Data items

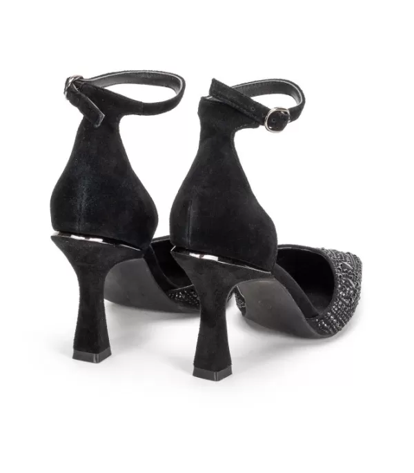 Zapatos De Punta Puntiaguda Cubiertos Con Pedrería. Cierre Con Hebilla. La Altura Del Tacón Es De 8,8 Cm.
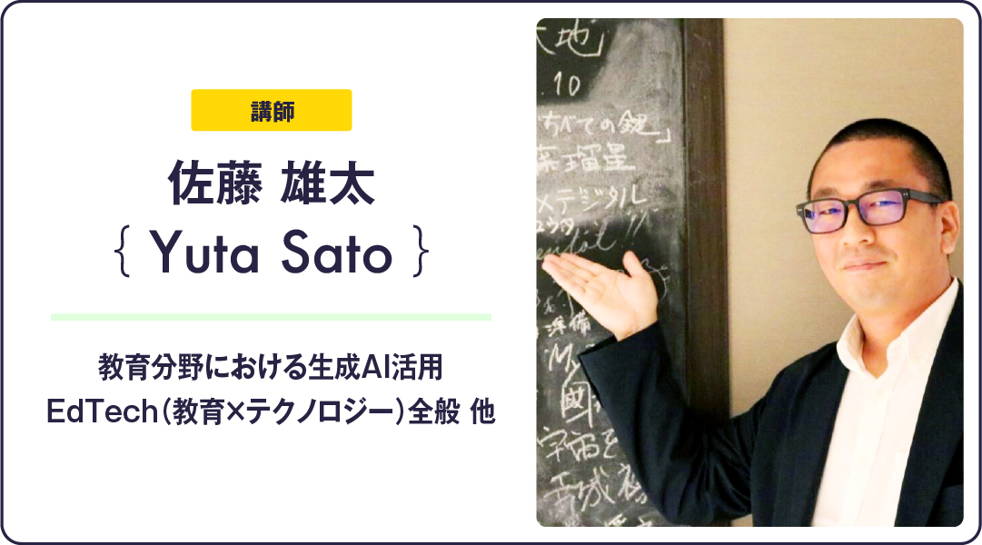 【講師】佐藤雄太/教育分野における生成AI活用、EdTech(教育×テクノロジー)全般 他
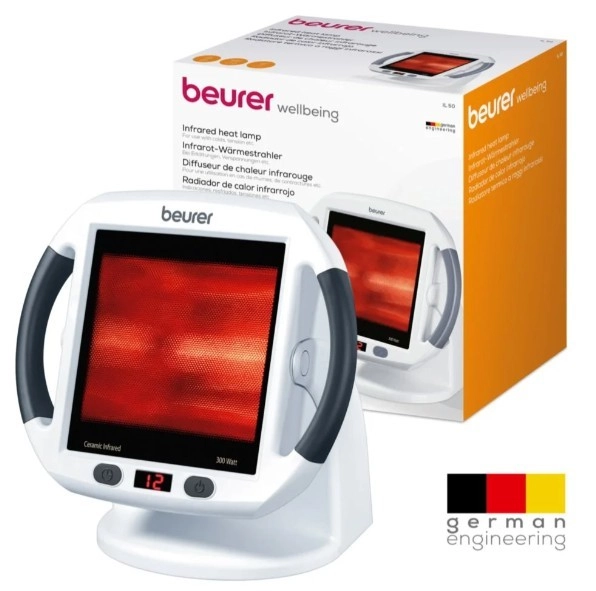 A Beurer IL 50 infravörös fény lámpa ideális a megfázások és az izomfeszültség enyhítésére. Praktikus kábeltekercselő rendszerrel és beépített túlmelegedés elleni védelemmel van ellátva.
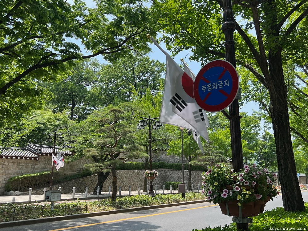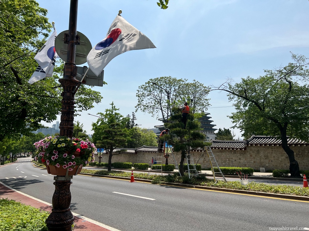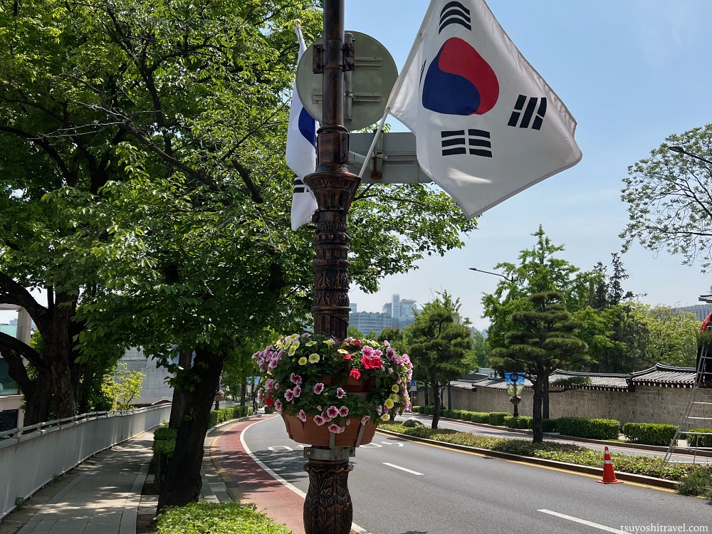 景福宮から大統領府に向かう途中には太極旗が多く飾られ、綺麗なプランターの花も設置されている。
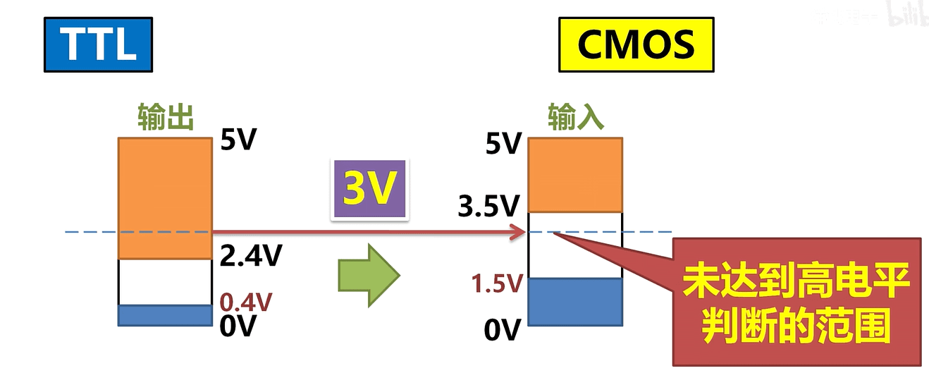 需要知道 CMOS 和 TTL 分别表示什么东西,CMOS 就是用 MOS 管进行搭建的电路,TTL 是用三极管搭建的电路。因为不同器件的特性,导致高低电平的范围不同。

:: WORK INSTRUCTIONS ::
With the images left out, output all the entries above exactly.

:: SOLUTION TO THIS PROBLEM ::
 Zapatos De Punta Puntiaguda Cubiertos Con Pedrería. Cierre Con Hebilla. La Altura Del Tacón Es De 8,8 Cm.
 【講師】佐藤雄太/教育分野における生成AI活用、EdTech(教育×テクノロジー)全般 他
 A Beurer IL 50 infravörös fény lámpa ideális a megfázások és az izomfeszültség enyhítésére. Praktikus kábeltekercselő rendszerrel és beépített túlmelegedés elleni védelemmel van ellátva.
 景福宮から大統領府に向かう途中には太極旗が多く飾られ、綺麗なプランターの花も設置されている。
 需要知道 CMOS 和 TTL 分别表示什么东西,CMOS 就是用 MOS 管进行搭建的电路,TTL 是用三极管搭建的电路。因为不同器件的特性,导致高低电平的范围不同。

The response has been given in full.